To overcome this lack, SQL contains the special phrase 'IS NULL'. The wording 'balance IS NULL' evaluates to true for exactly the rows with a missing value in balance.
SELECT ... FROM ... WHERE <columnname> IS NULL ... ;
We must use exactly this wording. The use of any arithmetic operator like >, <=, !=, ... will not retrieve rows with the NULL special marker. The same holds true even for the condition '(balance = 0) OR NOT (balance = 0)', which is a tautology in conventional true/false logic. Beside this IS NULL predicate there is no other way to retrieve the NULL special marker - without one simple but not helpful exception: if you omit the WHERE condition, all rows of the table are retrieved, with and without NULL special marker in any column.
That's all! Dealing with NULL special marker and the 3-value-logic might sound strange if you first met this topic. But as the IS NULL predicate evaluates always to true or false everything works as usual afterwards. We can use all other elements of the SELECT command (boolean logic, join, having, order by, ...) in the same way we have done so far.
Our test database does not contain the NULL special marker. Nevertheless we have met the situation during the explanation of OUTER joins. OUTER joins create resulting rows where some columns contain the NULL special marker. We must consider this possibility, if we deal with the results of such subselects.
There are two other ways to generate the NULL special marker.
- INSERT or UPDATE command with the explicit notion of the NULL special marker. In this case the SQL key word null is used as a representative for the NULL special marker.
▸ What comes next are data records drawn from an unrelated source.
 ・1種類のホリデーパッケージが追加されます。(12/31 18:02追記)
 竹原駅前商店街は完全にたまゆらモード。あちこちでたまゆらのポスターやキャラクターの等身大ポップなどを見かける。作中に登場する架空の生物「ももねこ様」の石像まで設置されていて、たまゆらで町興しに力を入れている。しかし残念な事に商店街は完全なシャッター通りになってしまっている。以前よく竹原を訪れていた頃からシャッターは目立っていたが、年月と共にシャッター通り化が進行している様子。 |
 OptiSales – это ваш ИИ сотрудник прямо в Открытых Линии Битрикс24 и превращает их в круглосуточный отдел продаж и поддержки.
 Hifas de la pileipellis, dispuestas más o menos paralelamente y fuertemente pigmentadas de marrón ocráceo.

- INSERT command without using all columns. The omitted columns will get the NULL special marker - or a default, if one is defined.
To demonstrate this and to create some examples for the following exercises, we put one row into the person table with some columns left empty.
-- Insert a new row for testing purpose INSERT INTO person (id, firstname, lastname) VALUES (51, 'Half man', 'Uncomplete'); COMMIT; -- Retrieve the row. As defined in CREATE TABLE statement the weight has a default value of integer 0. -- Date_of_birth and place_of_birth contain the NULL special marker. SELECT * FROM person WHERE id = 51; -- use the IS NULL predicate within WHERE clause. The result contains 1 row. SELECT * FROM person WHERE ssn IS NULL; -- weight has a value!! We expect to retrieve no rows when we use the IS NULL predicate. SELECT * FROM person WHERE weight IS NULL; -- or, to say it the other way round, the number of rows is 0 SELECT count(*) FROM person WHERE weight IS NULL; -- but in the next statement the number of rows is 1 SELECT count(*) FROM person WHERE weight = 0; -- Negate the IS NULL predicate SELECT count(*) FROM person WHERE ssn IS NULL; -- IS NULL SELECT count(*) FROM person WHERE ssn IS NOT NULL; -- Negation of IS NULL SELECT count(*) FROM person WHERE ssn IS NULL OR ssn IS NOT NULL; -- A tautology, which always retrieves ALL rows of a table -- Same as above SELECT count(*) FROM person WHERE ssn IS NULL OR NOT ssn IS NULL; -- A tautology, which always retrieves ALL rows of a table
Next we show the use of the UPDATE command in combination with the key word NULL
-- -- Insert a new row for testing purpose with all columns filled with a useful value INSERT INTO person (id, firstname, lastname, date_of_birth, place_of_birth, ssn, weight) VALUES (52, 'Lyn', 'Mutable', DATE'1951-05-13', 'Anchorage', '078-05-1152', 69); COMMIT; SELECT * FROM person WHERE id = 52; -- Delete a single column value (not the complete row) UPDATE person SET ssn = null WHERE id = 52; COMMIT; SELECT * FROM person WHERE id = 52; -- one row SELECT * FROM person WHERE ssn IS NULL; -- two rows: 51 + 52
Restore the original state of the example database.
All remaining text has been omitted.